Any help of what im doing wrong, please? Thanks!

miroslavzeman avatar Sep 11 '18 07:09 miroslavzeman

@miro4994 It's an issue, "To Do in Board", so how this is supposed to work? Is it a feature documented in docs? 😄 https://19majkel94.github.io/type-graphql/

MichalLytek avatar Sep 11 '18 08:09 MichalLytek

Well, its morning... My mistake :D Thanks for quick response.

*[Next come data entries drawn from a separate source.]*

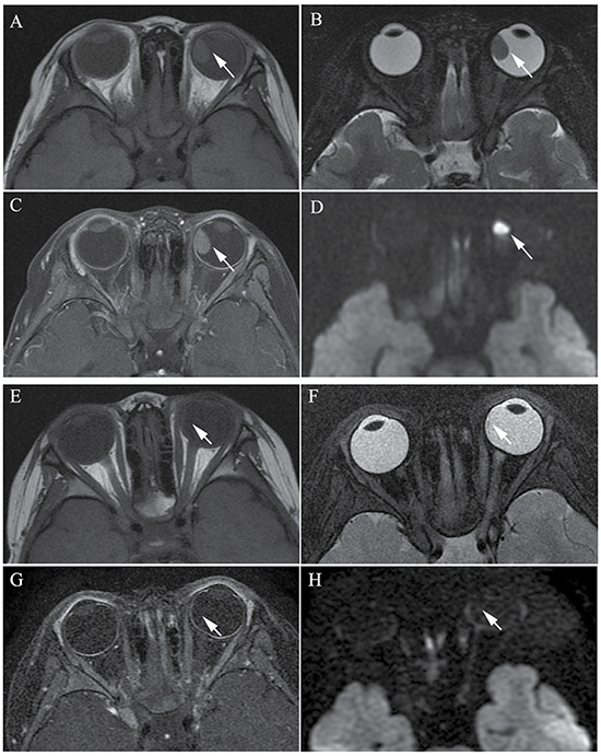 Magnetic resonance imaging (MRI) has the advantages of using no harmful radiation and of having high soft tissue resolution. MRI can improve tumor stage diagnoses by providing detailed information, including an evaluation of intraocular tumor extension (i.e., to the choroid, sclera, and/or prelaminar optic nerve) and extraocular (postlaminar or orbital invasion) or intracranial (pineoblastoma or metastases) tumor spread. Few studies have reported the efficacy of treatment with IAC using ophthalmoscopy and ocular US [8, 9], and these did not assess the extraocular (postlaminar or orbital invasion) or intracranial tumor metastases due to poor curative effects. Therefore, MRI could have an important role in follow-up examinations after conservative treatment with IAC to assess the response to therapy, tumor progression, and recurrence, to complement the findings from funduscopy.
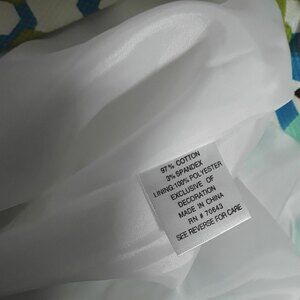 This fun throwback to the 60's vibe dress is just too cute!Various hexagon design in greens, blues, browns and yellow.This dress features a hidden back zipper (18"long), A brown ribbon belt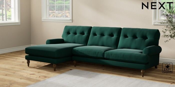 7.2.10 Erin Buttoned Back Deep Relaxed Sit Medium Sofa Chaise - Left Hand Plush Velvet Easy Clean Bottle Green High Classic Turned - Mid | Made Click here to use our website with more accessibility support, for example screen readers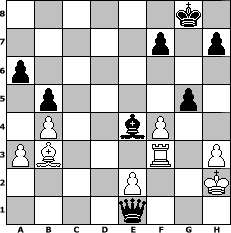 Partie-Notation im PGN-Format [Event "JN OPEN 40/10 1"] [Site "www.mySchach.de"] [Date "2016.01.25"] [Round "1"] [White "Joschi"] [Black "Steffi"] [ECO "C65"] [WhitemyELO "1527"] [BlackmyELO "1558"] [Result "0-1"] [TimeControl "10/3456000"] [WhiteDays "40"] [BlackDays "40"] [MySchachNr "102204"] 1. e4 e5 2. Nf3 Nc6 3. Bb5 Nf6 4. O-O a6 5. Ba4 b5 6. Bb3 Be7 7. Re1 O-O 8. c3 d6 9. d4 Bb7 10. a3 Na5 11. Bc2 Re8 12. Nbd2 c5 13. dxe5 dxe5 14. Nxe5 Bd6 15. Nef3 Qc7 16. h3 Nd7 17. b4 cxb4 18. cxb4 Nc6 19. Bb2 Rac8 20. Bb3 Nce5 21. Rc1 Qb8 22. Nxe5 Bxe5 23. Bxe5 Nxe5 24. Rxc8 Rxc8 25. f4 Nd3 26. Rf1 Nxf4 27. Qf3 g5 28. g3 Qa7+ 29. Kh2 Qd4 30. Rf2 Rc3 31. gxf4 Rxf3 32. Rxf3 Qxd2+ 33. Kg3 Qe1+ 34. Kh2 Bxe4 0-1 Stellungs-Notation im FEN-Format 6k1/5p1p/p7/1p4p1/1P2bP2/PB3R1P/4P2K/4q3 - - - 0 35 Geschlagene Figuren Weiss: ![]() ![]() ![]() ![]() ![]() ![]() ![]() ![]() ![]() ![]() ![]() ![]() ![]() ![]() ![]() Geschlagene Figuren Schwarz: ![]() ![]() ![]() ![]() ![]() ![]() ![]() ![]() ![]() ![]() ![]() ![]() ![]() ![]() ![]() Klicken Sie auf eine geschlagene Figur um den gewünschten Zug darzustellen!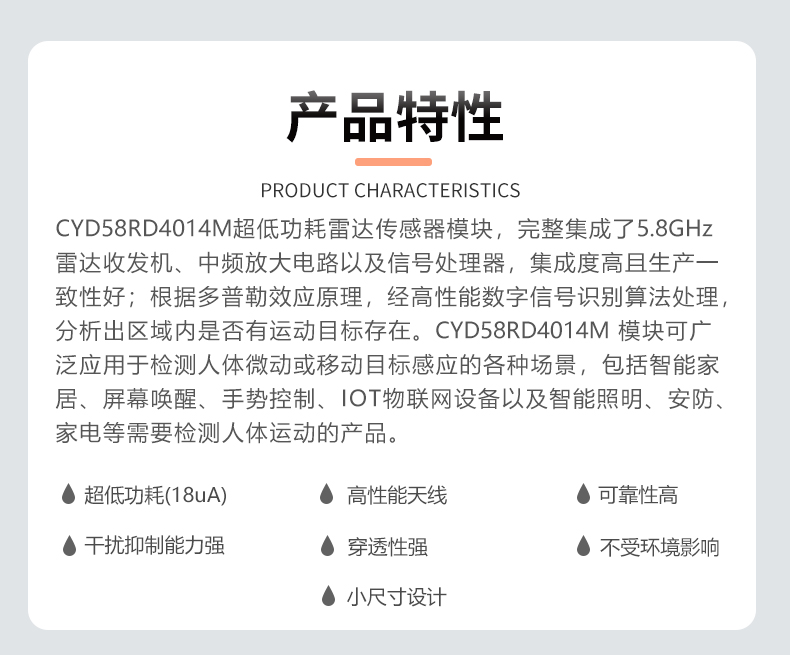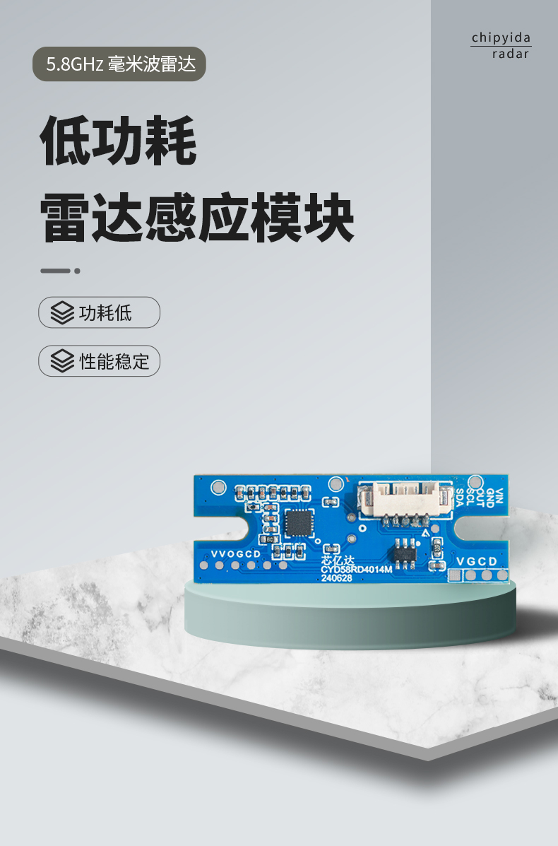 该微波感应雷达模组该是芯亿达自主研发的小型化、微安级超低功耗的5.8G雷达传感器模组。通过雷达工作原理,实现对运动和微动的场景感知,落地应用于多种场景应用的智能化判断,助力打造智能空间。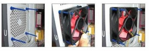 Dzięki swojemu kształtowi można je zastosować do wszystkich dostępnych wentylatorów o grubości ~25mm oraz do grubszych pod warunkiem, że boczna ścianka wentylatora nie jest zabudowana.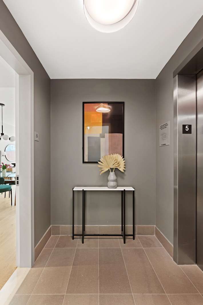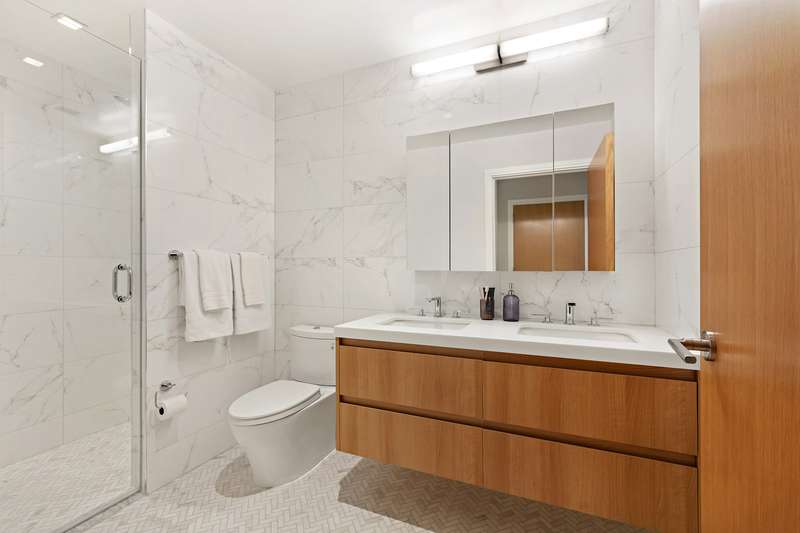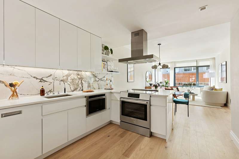Experience sustainable luxury in this 3 bed, 2 bath residence at The Dovecote, where design, functionality, and Passive House sustainability converge seamlessly. Accessed through a private elevator vestibule, the home features premium interior finishes, sound-attenuating windows for natural light, timeless white oak flooring, and an efficient VRF HVAC system. The heart of the home includes kitchens with Caesarstone countertops, Porcelanosa backsplash, custom lacquered cabinetry, and a prominent Bosch stainless steel appliance suite. The recirculating hot water system adds convenience and reduces waste. The primary bath is a clean design sanctuary with Persian white Porcelanosa floor tiles, Carrera Blanco wall tiles, a custom lacquered vanity with a Caesarstone countertop, and a walk-in shower with Grohe fixtures. The secondary bath combines Travertine-look porcelain floor tile, Italian glazed white porcelain wall tile, and a spacious soaking tub with polished chrome Kohler fixtures. Indulge in unparalleled sustainable living at The Dovecote.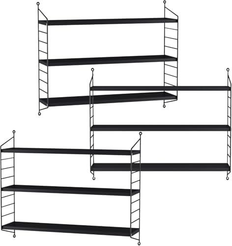 [en.casa] Modular Wall Shelf Strängnäs Set of 3 Metal Shelf Black Hanging Shelf with 3 Shelves Bathroom Shelf Kitchen Wall Shelf Wall Storage Living Room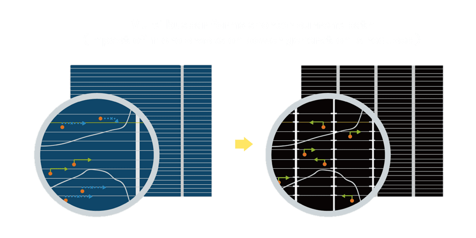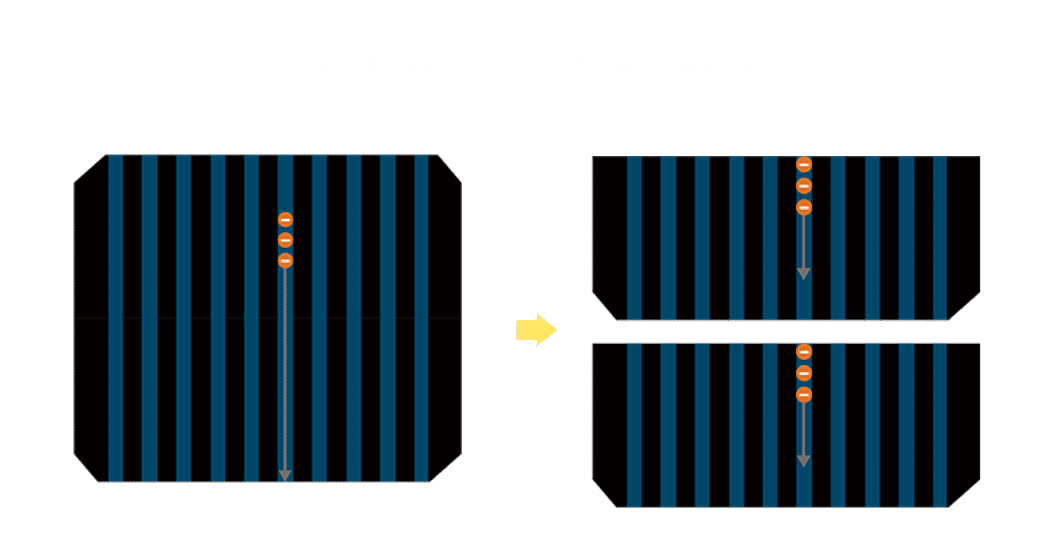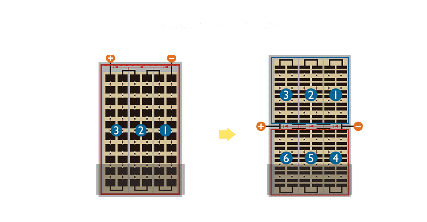 • 结合半切电池,,降低遮阴影响、、、、提升模组抗隐裂能力、、、、并减少电阻损耗,,,,进一步提升模组发电效能。。。
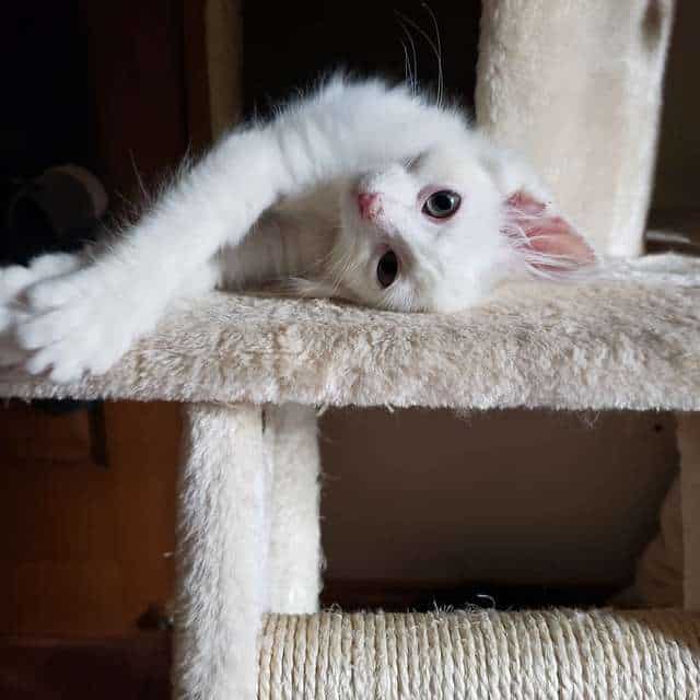 Nimbus was barely opening her eyes as a tiny kitten when she met Sam Gerth. The white kitten was found by his girlfriend, covered in oil and dirt from the road while she was coming home from work.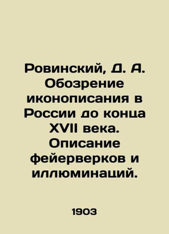 Rovinsky, D. A. Review of iconography in Russia until the end of the 17th century. Description of fireworks and illuminations./Rovinskiy, D. A. Obozrenie ikonopisaniya v Rossii do kontsa XVII veka. Opisanie feyerverkov i illyuminatsiy. Ill.: 1903. 1 l. We have thousands of titles and often several copies of each title may be available. Please feel free to contact us for a detailed description of the copies available. The delivery of this book might be delayed beyond the usual timeframe due to extended processing and preparation before shipment, and faster shipping options are not offered. Please inform us if you need the order by a certain date or have a deadline.SKUbd-b7da6d56dafa2e89
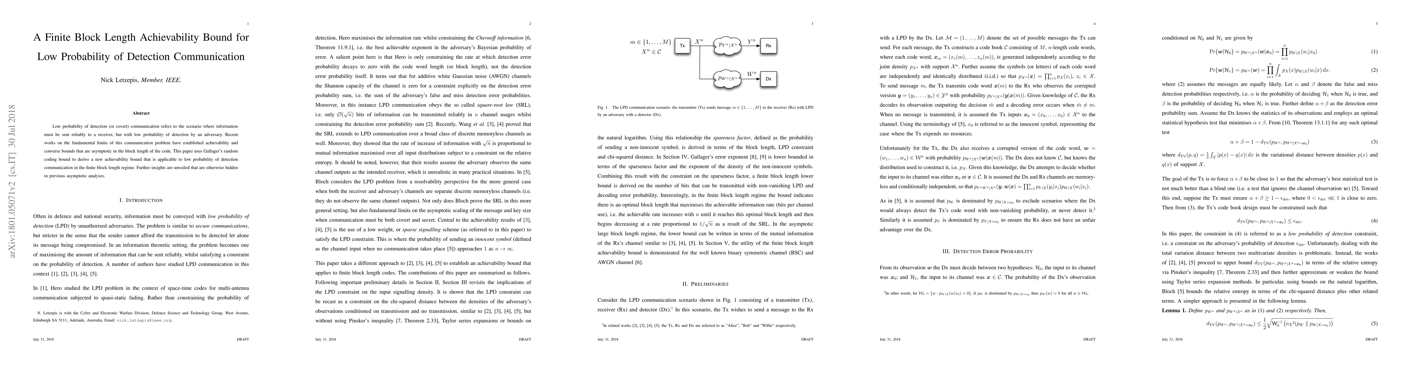 This paper derives a finite block length achievability bound for low probability of detection communication using Gallager's random coding bound, providing new insights beyond traditional asymptotic analyses.

miroslavzeman avatar Sep 11 '18 08:09 miroslavzeman

I've recently created BatchLoader written in TypeScript. Compared to DataLoader, it only does batching, but does it better. It shares identical apis (load, loadMany) with DataLoader. It handles duplicate keys (further reduces round trips when duplicate ids are provided) and is composable to create a new loader via mapping function. It doesn't do any caching, but can easily be intergated with any cache library. You may want to consider it over DataLoader. :)

joonhocho avatar Oct 05 '18 10:10 joonhocho

it only does batching, but does it better.

What does it means "better"? Can you show an example what is better, or maybe show some benchmarks with comparison to the dataloader?

It doesn't do any caching, but can easily be intergated with any cache library.

I think that Facebook's DataLoader is a well established solution that is known to every graphql developer, so it will be the first choose for now as it has "battery" included. Maybe in the future I will try to expose the data loading API to plugins so library consumers could choose their own baching or caching library.

MichalLytek avatar Oct 07 '18 14:10 MichalLytek

One of the issue of dataloader, is that you have to create a loader per field. So if in your query you have 2 fields that are both related to the same entity, you will have to load them 2 times. For example, you have a table game with a column player1 and another column player2, that both are related to another table user, you will still need 2 loader, one for player1 and one for player2. Would be cool to only have one loader user. Also another weird thing with dataloader is that it use setTimeout to trigger the loading of the data. It would be great to get rid of this and maybe find a solution where graphql library would trigger the loader, maybe with an event or a callback function.

But, I guess to start, using dataloader might be the best approch ;-)

apiel avatar Oct 07 '18 17:10 apiel

@19majkel94

First, batchloader takes care of duplicate keys. For example, for the following code

loader.load(1),
loader.load(2),
loader.load(1),

with BatchLoader, your batch function will get [1, 2] as keys without duplicate keys, while DataLoader gives you [1,2,1]. There is a bit of optimization to remove duplicate keys.

As @apiel noted, with BatchLoader you can map a loader to create another loader to get specific fields or chain another query.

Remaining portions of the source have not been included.